En este sentido, la EFPA destaca los siguientes puntos clave para la implementación a corto plazo de la consulta online:

Discuta la opción con su cliente (preferiblemente por teléfono), explicando la justificación y enfatizando la importancia de confiar, de momento, en las consultas online. Idealmente, solo haga esto con clientes o pacientes con los que ya se haya reunido cara a cara, de modo que también sepa cómo intervenir de manera óptima en el mundo real, en caso de cualquier emergencia (p.ej. riesgos de autolesión o suicidio).

Asegúrese de que tanto usted como su cliente estén en un espacio privado y no pueden ser molestados.

Garantice el tiempo suficiente para la resolución de problemas técnicos.

Confíe en herramientas profesionales de videoconferencia diseñadas para la teleconsulta. No se fíe de programas como Facebook Messenger, WhatsApp, Skype o Telegram.
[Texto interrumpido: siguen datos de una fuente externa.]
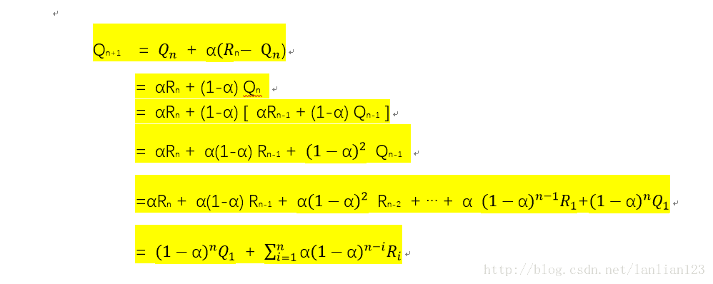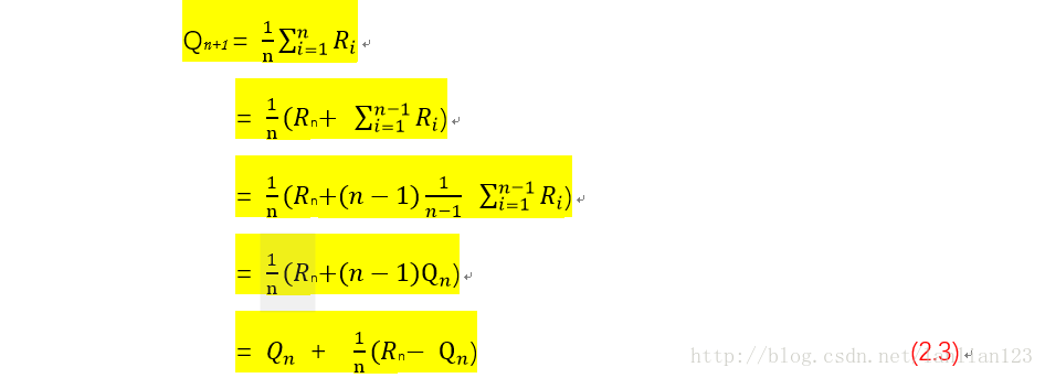 为了简化我们所关注的单个动作,我么用Ri表示第i个动作选择之后得到的奖赏值。用Qn表示选择n-1次的动作值。简化如下:

En caso de cualquier duda, comuníquese con su asociación miembro o autoridad nacional para obtener las herramientas adecuadas (por ejemplo, Skype for Business está permitido en Noruega, Zoom en Suecia) o consulte las regulaciones pertinentes.

No utilice un ordenador público, apáguelo después de una sesión y mantenga actualizado su sistema operativo y/o aplicaciones.

En caso de que detecte una violación de seguridad en su ordenador, informe a sus clientes, avise a la policía y busque ayuda de un experto en seguridad informática.